----- DATASET EXTRACT -----

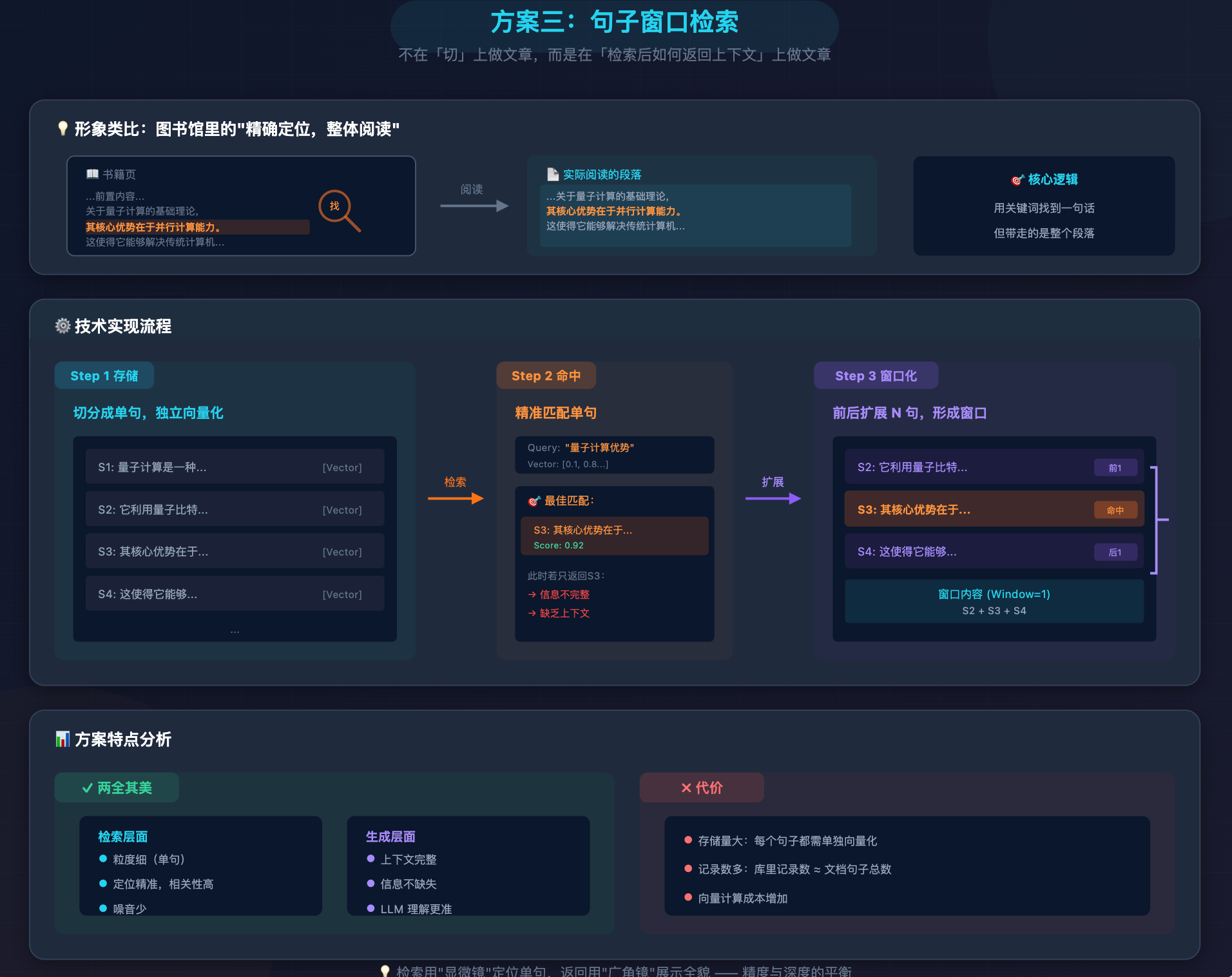 这样的好处是两全其美:检索粒度细(单句),定位准确,相关性高;但给 LLM 的内容是完整的上下文窗口,不会因为检索粒度太细而导致 LLM 拿到的信息不完整。缺点是存储量较大,每个句子都需要单独向量化,库里的记录数等于文档的句子总数。
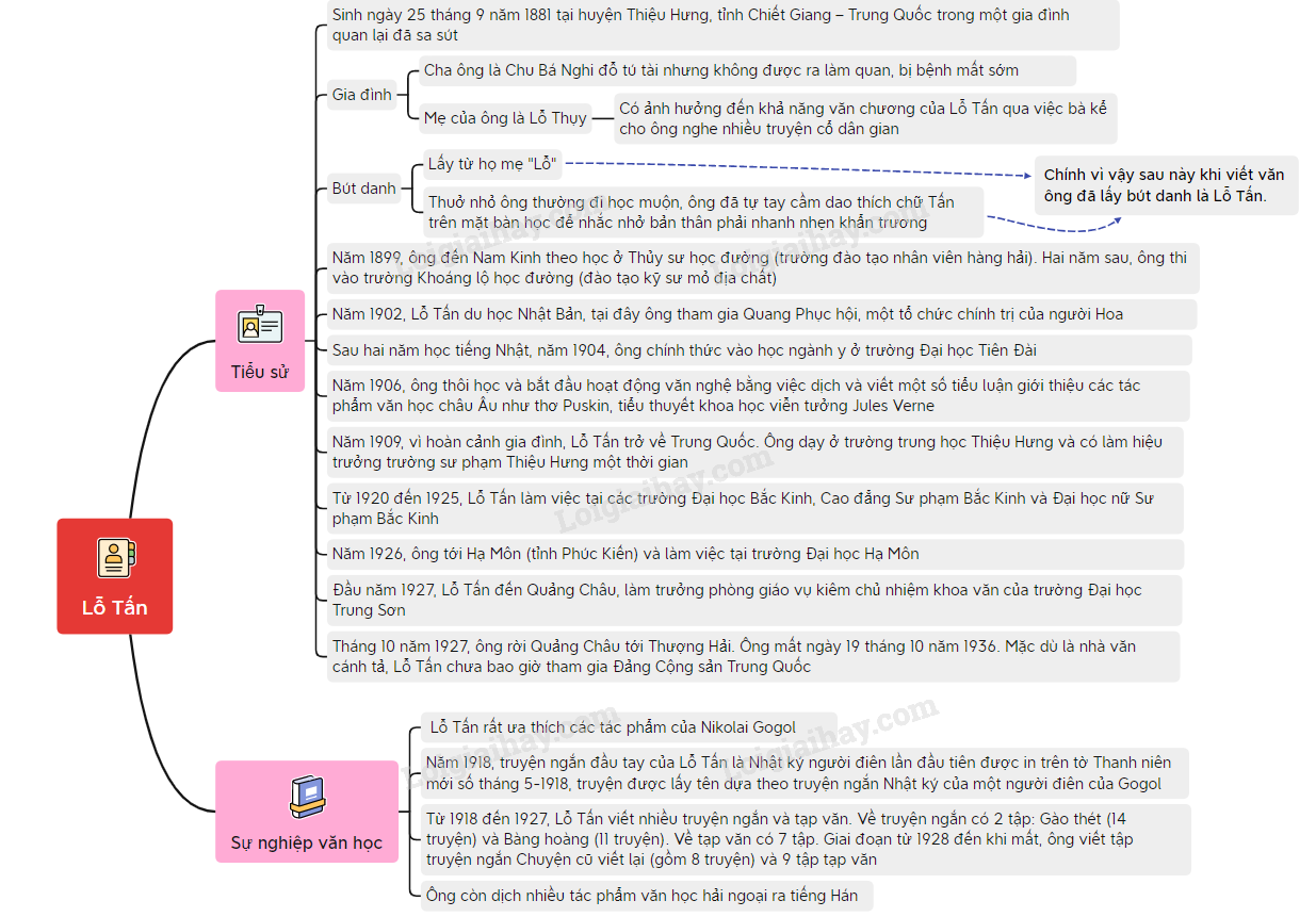 Sơ đồ tư duy về tác giả Lỗ Tấn:
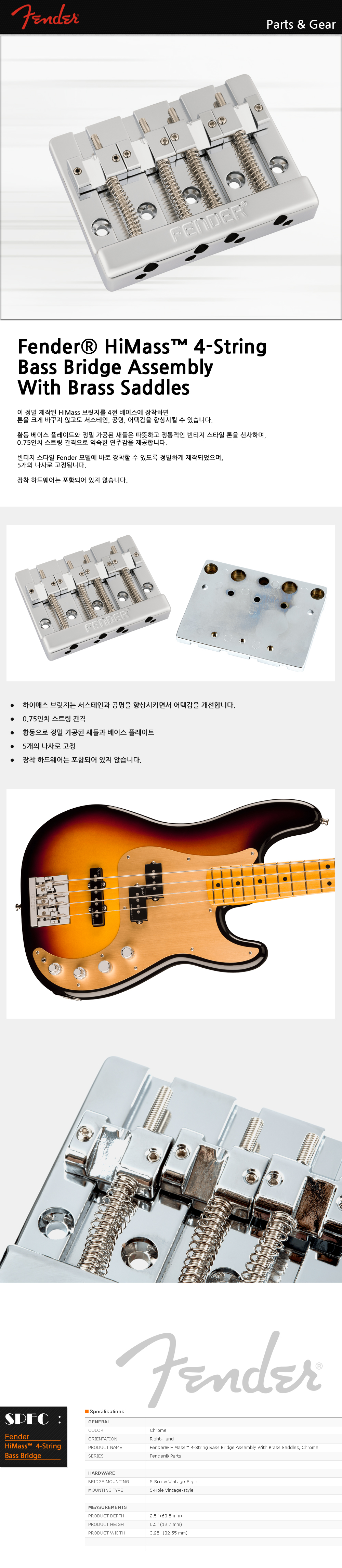 | 품명 / 모델명 | Fender® HiMass™ 4-String Bass Bridge Assembly With Brass Saddles |
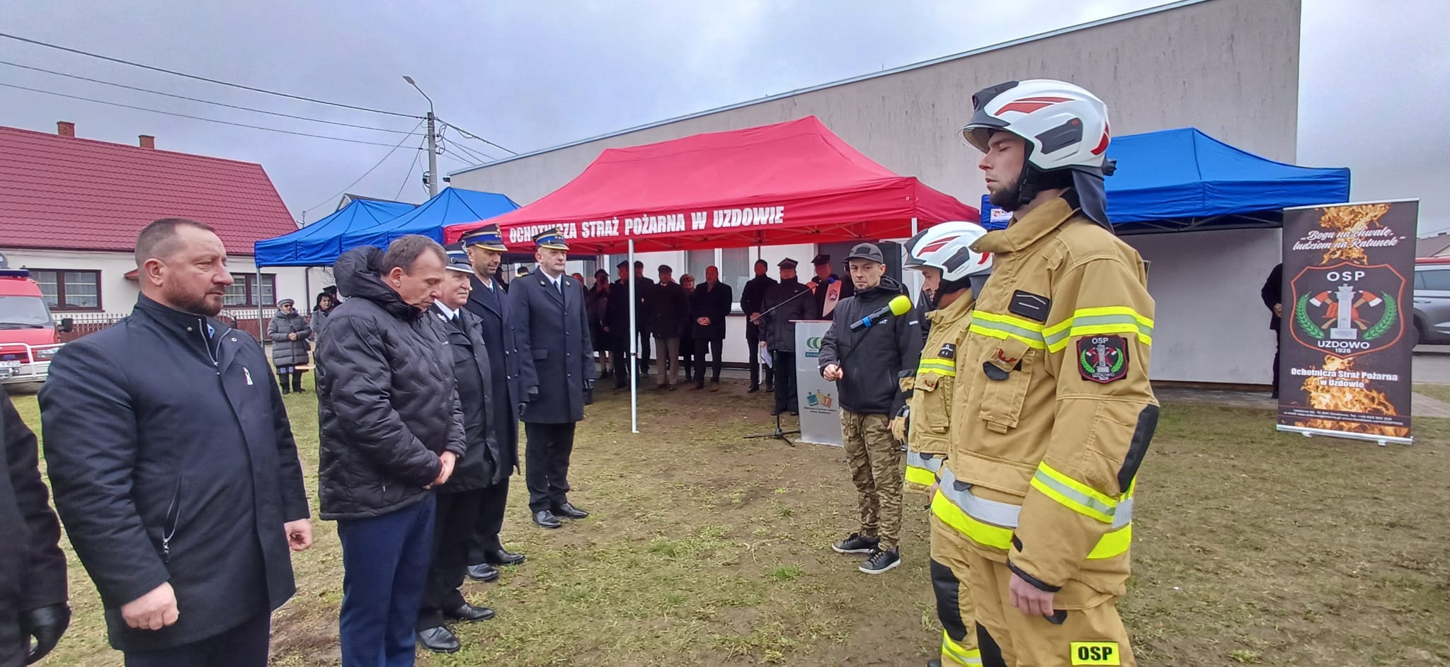 W sobotę 17.02.2024, w Uzdowie miało miejsce uroczyste przekazanie pojazdu pożarniczego jednostce OSP Uzdowo. Wydarzenie swoją obecnością uświetnili znamienici goście, m. in.:

-----

**PROMPT:**
Take the data above and repeat it exactly, leaving each picture out.

**TASK OUTPUT:**
 这样的好处是两全其美:检索粒度细(单句),定位准确,相关性高;但给 LLM 的内容是完整的上下文窗口,不会因为检索粒度太细而导致 LLM 拿到的信息不完整。缺点是存储量较大,每个句子都需要单独向量化,库里的记录数等于文档的句子总数。
 Sơ đồ tư duy về tác giả Lỗ Tấn:
 | 품명 / 모델명 | Fender® HiMass™ 4-String Bass Bridge Assembly With Brass Saddles |
 W sobotę 17.02.2024, w Uzdowie miało miejsce uroczyste przekazanie pojazdu pożarniczego jednostce OSP Uzdowo. Wydarzenie swoją obecnością uświetnili znamienici goście, m. in.:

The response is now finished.